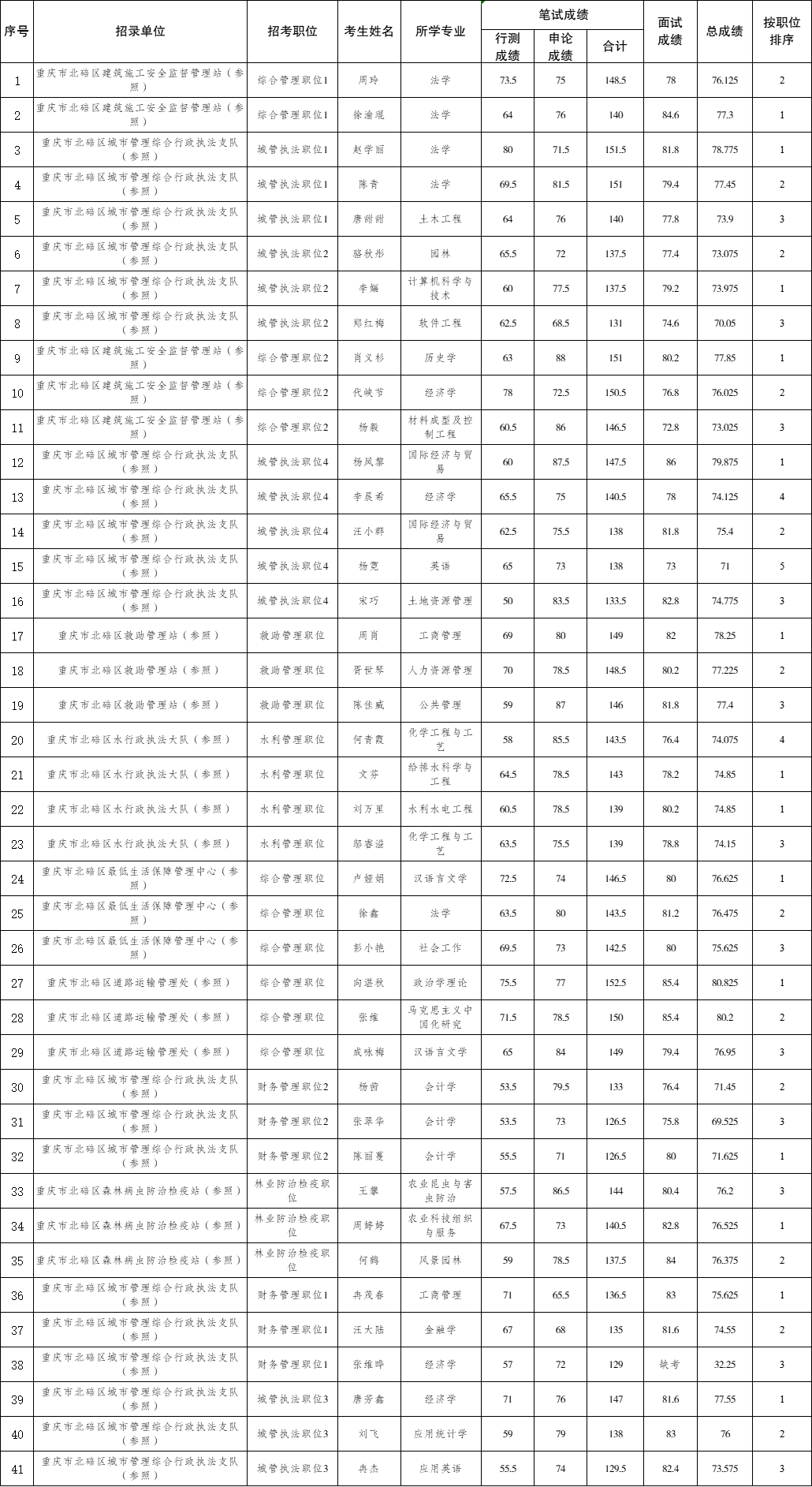 根据公告规定,我区组织开展了笔试、面试工作,现将参加笔试、面试人员的各项成绩公布如下:
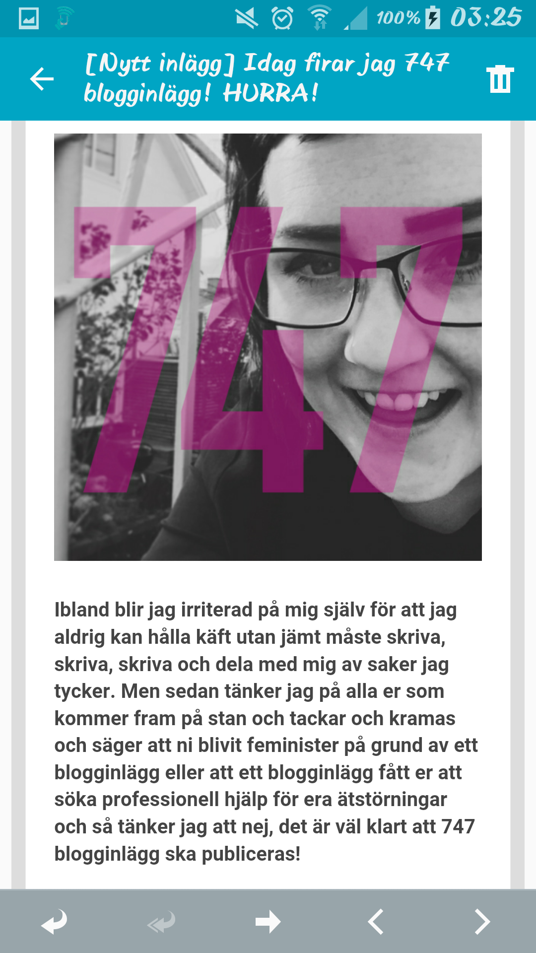 Att skryta med 747 inlägg är knas, jämfört med mina 2755. Ok, hennes kanske är ”debattinlägg” allihopa (vet ej), men en blogg kräver närvaro också. Eller?
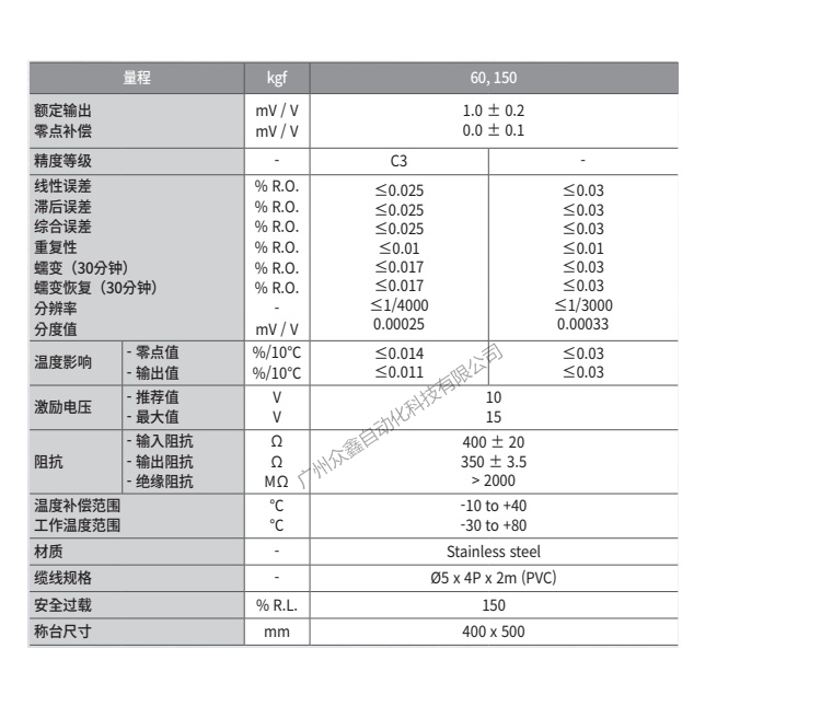 五、韩国凯士CAS品牌 BCLS-150L称重传感器技术参数
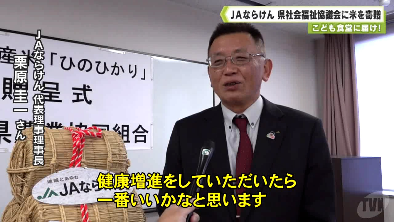 JAならけんが、こども食堂の活動に役立ててもらおうと、県社会福祉協議会に県産の「ヒノヒカリ」を贈りました。
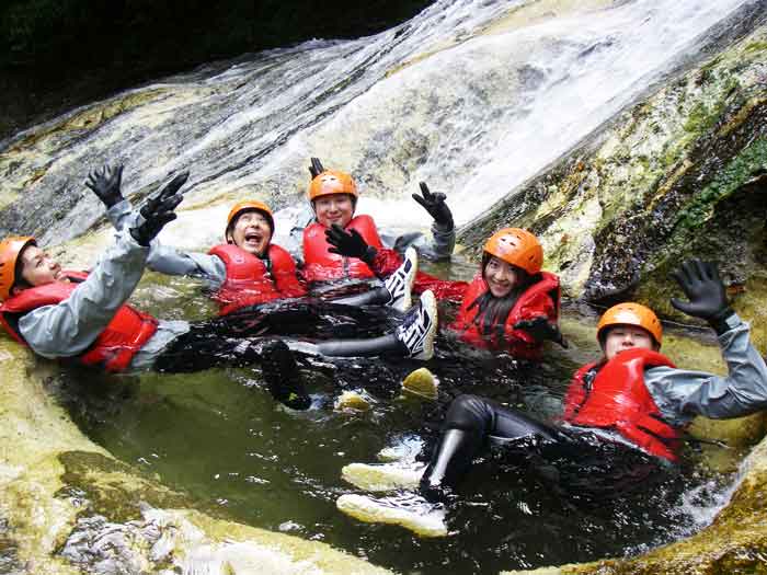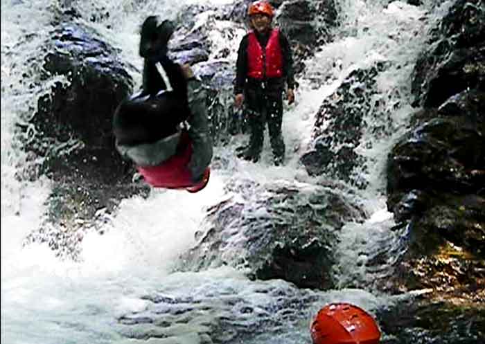 帰りは、今まで登った滝に飛び込んだり、流されたりと、
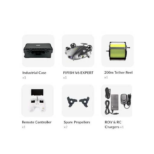 Livré avec la valise Industry case, elle permettra de transporter le drone et les accessoires. Tous vos médias seront enregistrés sur une carte SD de 128Go. Ce ROV est conçu pour les professionnels souhaitant effectuer des missions de contrôle ou de surveillance comme les secouristes, les inspections de structures, les ingénieurs… Il sera aussi indispensable pour l’aquaculture, et pour la science sous-marine. Les nombreux accessoires disponibles permettent de mesurer plusieurs facteurs selon vos missions d’observation, de mesure, de navigation, de manipulation, ou encore pour prélever des échantillons.
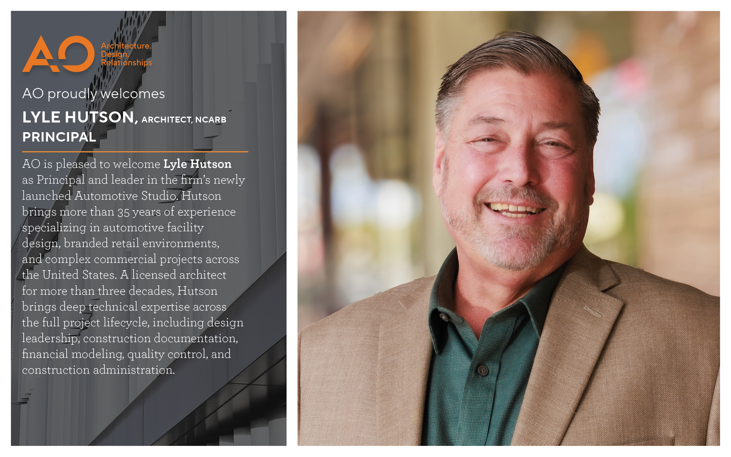 AO is pleased to welcome Lyle Hutson as Principal and leader in the firm's newly launched Automotive Studio. Hutson brings more than 35 years of experience specializing in automotive facility design, branded retail environments, and complex commercial projects across the United States.
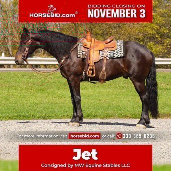⚜️𝐓𝐇𝐄 𝐅𝐀𝐋𝐋 𝐇𝐄𝐑𝐈𝐓𝐀𝐆𝐄 𝐂𝐋𝐀𝐒𝐒𝐈𝐂⚜️ Happening now thru MONDAY | NOVEMBER 3rd - Available EXCLUSIVELY on HorseBid's website! For more details and to register visit: www.Horsebid.com CONSIGNOR CONTACT: MW Equine Stables LLC 330-365-0236 LOCATION: Fresno, OH BREED: Friesian Sporthorse REGISTERED: Yes REGISTERED NAME: Jet COLOR: Bay HEIGHT: 16 AGE: 5 GENDER: Gelding Jet is 5yr. Old registered bay FSHR gelding. Standing at 16 hands tall. Jet is a true gentleman quiet, willing to please, safe and handsome. “Beautiful Mover “ He has been on our farm for the last year. He's been ridden western, English, bareback and brideless. He’s safe for the kids running around him chasing each other or simply enjoying a big horse they can canter around. He will walk, trot, canter and pick up both leads. Jet is easy to catch in the pasture, gets along well with others and is easy to Keep inside or outside. He stands great for the farrier, tacking up, grooming and baths. He will load on a trailer . Jet can be ridden in groups, or alone, on the road, open field, trails or arena. He has been ridden on moonlight rides, in the dark and does well with a .He will cross water, logs and conquers rough terrain with ease. Jet also does well in the carriage, been driven on State roads, through town and does great in traffic. He is up to date or on coggins and dewormer. If Jet sounds like the perfect fit for you but you want to try him in person, feel free to contact Marcus @ 330-365-0233 to schedule a visit. Located in Fresno, OH.
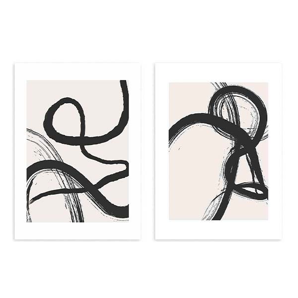 Conjunto de dos cuadros con composiciones abstractas de líneas negras gruesas y trazos curvos superpuestos sobre fondo beige claro. Las formas gestuales crean movimiento y contraste con una estética abstracto sobria y contemporánea. Su presencia decorativa aporta equilibrio visual y un aire moderno, ideal para salones minimalistas, recibidores elegantes o espacios de trabajo con tonos neutros.
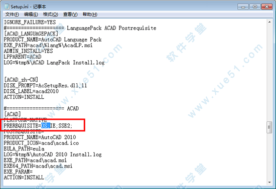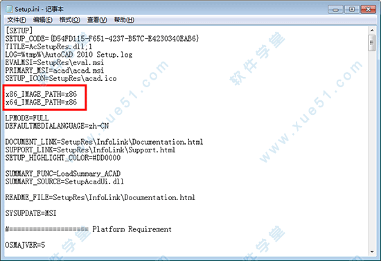 2、用记事本打开根目录下的“setup.ini”这是安装配置文件,修改软件同时兼容32位与64位,需要修改的地方有:
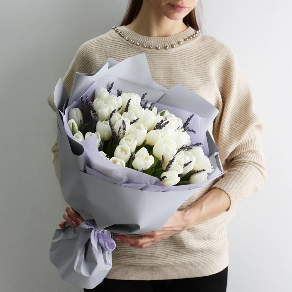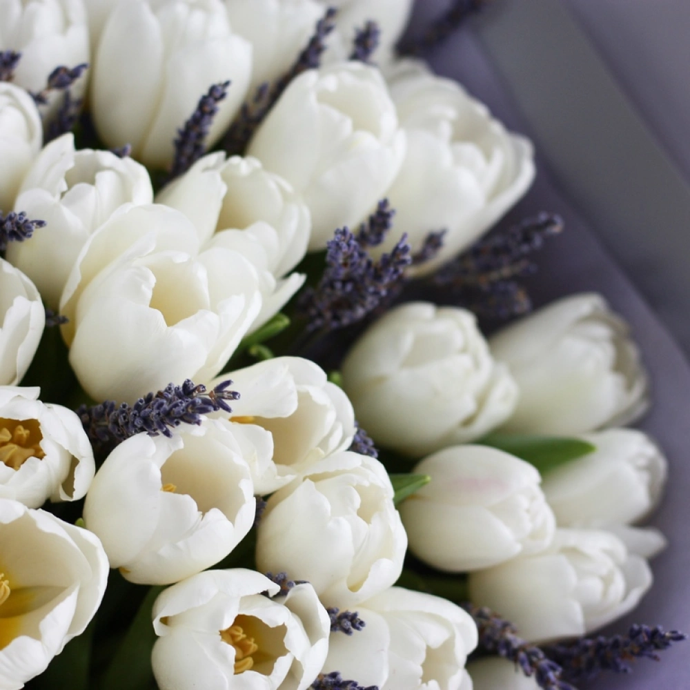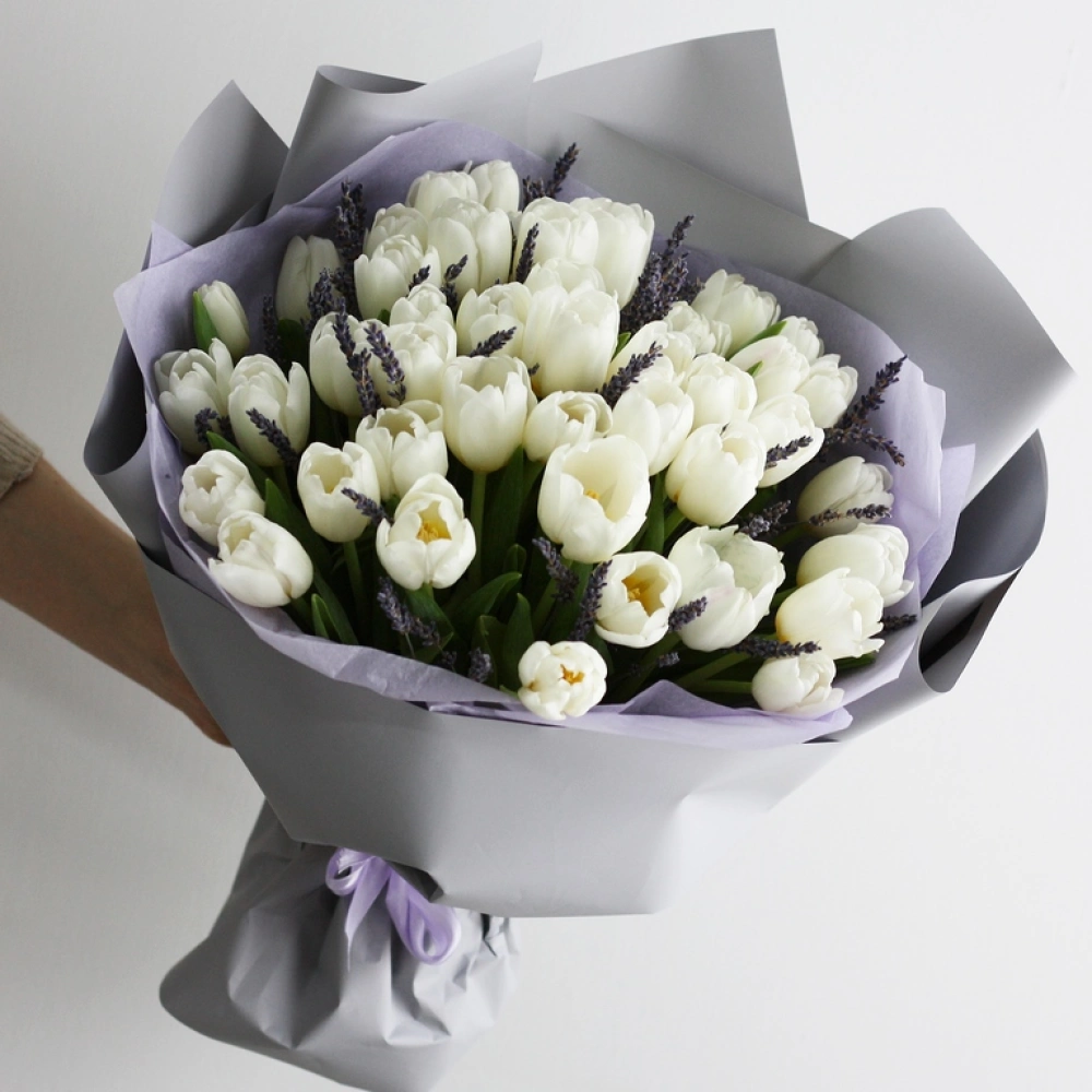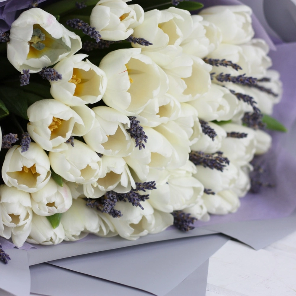 Букет из белых Тюльпанов и лаванды. Вы можете выбрать любое количество цветов указанное в перечне к данному букету.
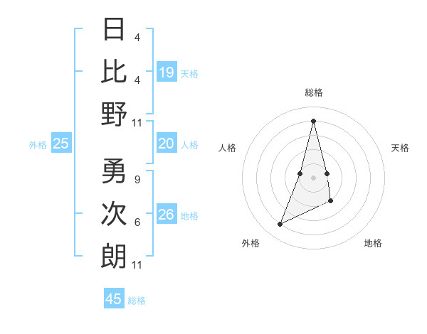 日比野 勇次朗さんを姓名の画数から五運を鑑定
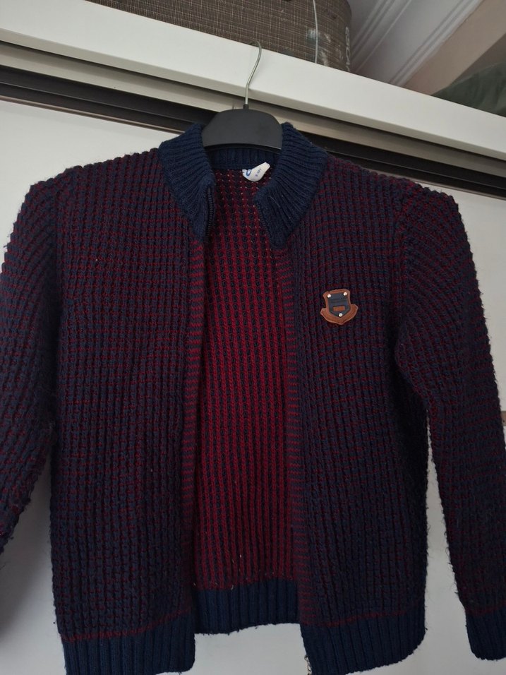 Bordo renkli, uzun kollu, fitted kesim erkek çocuk triko hırka. Düz ve normcore tarzda, küçük bir amblem detayına sahip.
####
EXERCISE DESCRIPTION: For the data above, return an exact copy that contains no pictures.

SOLUTION TO THIS TASK:
 根据公告规定,我区组织开展了笔试、面试工作,现将参加笔试、面试人员的各项成绩公布如下:
 Att skryta med 747 inlägg är knas, jämfört med mina 2755. Ok, hennes kanske är ”debattinlägg” allihopa (vet ej), men en blogg kräver närvaro också. Eller?
 五、韩国凯士CAS品牌 BCLS-150L称重传感器技术参数
 JAならけんが、こども食堂の活動に役立ててもらおうと、県社会福祉協議会に県産の「ヒノヒカリ」を贈りました。
 帰りは、今まで登った滝に飛び込んだり、流されたりと、
 Livré avec la valise Industry case, elle permettra de transporter le drone et les accessoires. Tous vos médias seront enregistrés sur une carte SD de 128Go. Ce ROV est conçu pour les professionnels souhaitant effectuer des missions de contrôle ou de surveillance comme les secouristes, les inspections de structures, les ingénieurs… Il sera aussi indispensable pour l’aquaculture, et pour la science sous-marine. Les nombreux accessoires disponibles permettent de mesurer plusieurs facteurs selon vos missions d’observation, de mesure, de navigation, de manipulation, ou encore pour prélever des échantillons.
 AO is pleased to welcome Lyle Hutson as Principal and leader in the firm's newly launched Automotive Studio. Hutson brings more than 35 years of experience specializing in automotive facility design, branded retail environments, and complex commercial projects across the United States.
⚜️𝐓𝐇𝐄 𝐅𝐀𝐋𝐋 𝐇𝐄𝐑𝐈𝐓𝐀𝐆𝐄 𝐂𝐋𝐀𝐒𝐒𝐈𝐂⚜️ Happening now thru MONDAY | NOVEMBER 3rd - Available EXCLUSIVELY on HorseBid's website! For more details and to register visit: www.Horsebid.com CONSIGNOR CONTACT: MW Equine Stables LLC 330-365-0236 LOCATION: Fresno, OH BREED: Friesian Sporthorse REGISTERED: Yes REGISTERED NAME: Jet COLOR: Bay HEIGHT: 16 AGE: 5 GENDER: Gelding Jet is 5yr. Old registered bay FSHR gelding. Standing at 16 hands tall. Jet is a true gentleman quiet, willing to please, safe and handsome. “Beautiful Mover “ He has been on our farm for the last year. He's been ridden western, English, bareback and brideless. He’s safe for the kids running around him chasing each other or simply enjoying a big horse they can canter around. He will walk, trot, canter and pick up both leads. Jet is easy to catch in the pasture, gets along well with others and is easy to Keep inside or outside. He stands great for the farrier, tacking up, grooming and baths. He will load on a trailer . Jet can be ridden in groups, or alone, on the road, open field, trails or arena. He has been ridden on moonlight rides, in the dark and does well with a .He will cross water, logs and conquers rough terrain with ease. Jet also does well in the carriage, been driven on State roads, through town and does great in traffic. He is up to date or on coggins and dewormer. If Jet sounds like the perfect fit for you but you want to try him in person, feel free to contact Marcus @ 330-365-0233 to schedule a visit. Located in Fresno, OH.
 Conjunto de dos cuadros con composiciones abstractas de líneas negras gruesas y trazos curvos superpuestos sobre fondo beige claro. Las formas gestuales crean movimiento y contraste con una estética abstracto sobria y contemporánea. Su presencia decorativa aporta equilibrio visual y un aire moderno, ideal para salones minimalistas, recibidores elegantes o espacios de trabajo con tonos neutros.
 2、用记事本打开根目录下的“setup.ini”这是安装配置文件,修改软件同时兼容32位与64位,需要修改的地方有:
 Букет из белых Тюльпанов и лаванды. Вы можете выбрать любое количество цветов указанное в перечне к данному букету.
 日比野 勇次朗さんを姓名の画数から五運を鑑定
 Bordo renkli, uzun kollu, fitted kesim erkek çocuk triko hırka. Düz ve normcore tarzda, küçük bir amblem detayına sahip.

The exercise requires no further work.